Based on the t-norm and t-conorm operations of the Dubois and Prade operator, this paper defines the IVq-ROFDP operations and introduces the IVq-ROFDPOWA operator. At the same time, we find that the interactions between the membership and nonmembership degrees in the IVq-ROFDP operations and the IVq-ROFDPOWA operator are not considered. To address this issue concerning the IVq-ROFDP operations, the IVq-ROFIDP operations and the IVq-ROFIDPOWA operator are proposed, and we study the IVq-ROFIDPOWA operator’s idempotency, permutation invariance, monotonicity and boundedness. Then, this paper proposes a group decision-making method based on the IVq-ROFIDPOWA operator. Finally, this paper verifies the proposed group decision-making method with two cases.
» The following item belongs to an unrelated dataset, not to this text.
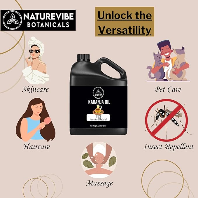 - ✅Naturevibe Botanicals Karanja Oil (32oz) | 100% Pure & Natural Cold Pressed Body Oil | Hair Care | Pongamia pinnata (946 ml)

The decision-making results are consistent with those of practical applications and the results of existing operators, thus confirming the feasibility and effectiveness of the improved operator with interactivity and the group decision-making method proposed in this paper. The further comparative analysis shows that the group decision-making method proposed in this paper can better reflect the differences between alternatives.
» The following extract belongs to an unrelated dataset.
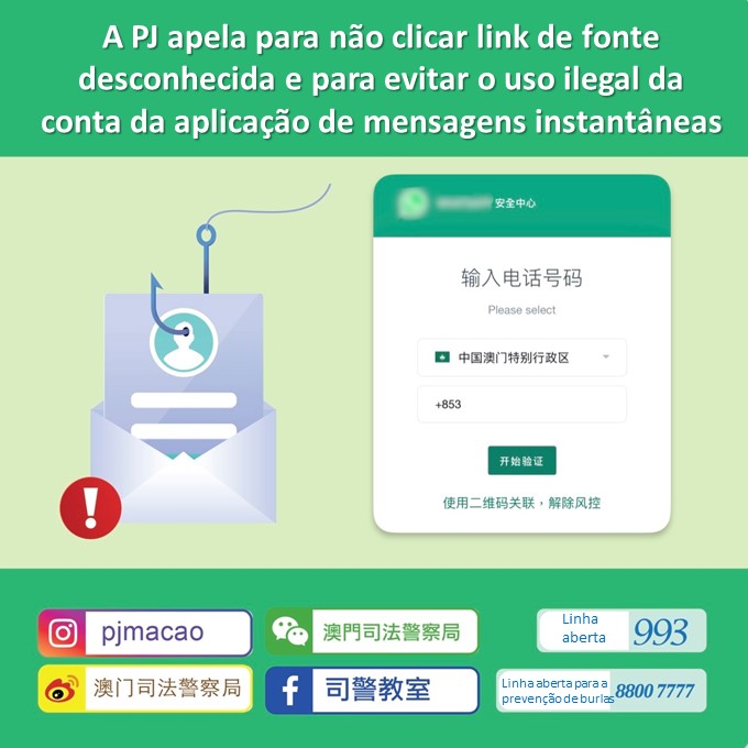 Nos últimos anos, os criminosos têm usado a referida forma para roubar a conta de mensagens instantâneas dos cidadãos e, em seguida, tentam burlar “os amigos” constantes nas listas de contactos. Dado terem causado prejuízo em alguns casos, a PJ apela ao público para não clicar em links de fonte desconhecida nas mensagens SMS. Devem sempre confirmar as mesmas mensagens através de meio oficial, verificar se o URL do site é exactamente igual ao do site oficial e, havendo suspeitas, não fornecerem os dados das suas contas ou código de verificação. Apela ainda a quem estiver perante uma situação de burla ou perante qualquer tipo de crime, para fazer a denúncia à PJ através da linha aberta para a prevenção de burlas, nº 8800 7777 ou da linha aberta 993.

The proposed group decision-making method can be used to select the optimal alternative using the IVq-ROFIDPOWA operator when the attribute weights and expert weights are known in advance. The unknown attribute weights and expert weights of group decision-making methods are the main focus of our research. Moreover, the fusion of big data using aggregation operators will also be the focus of our future research.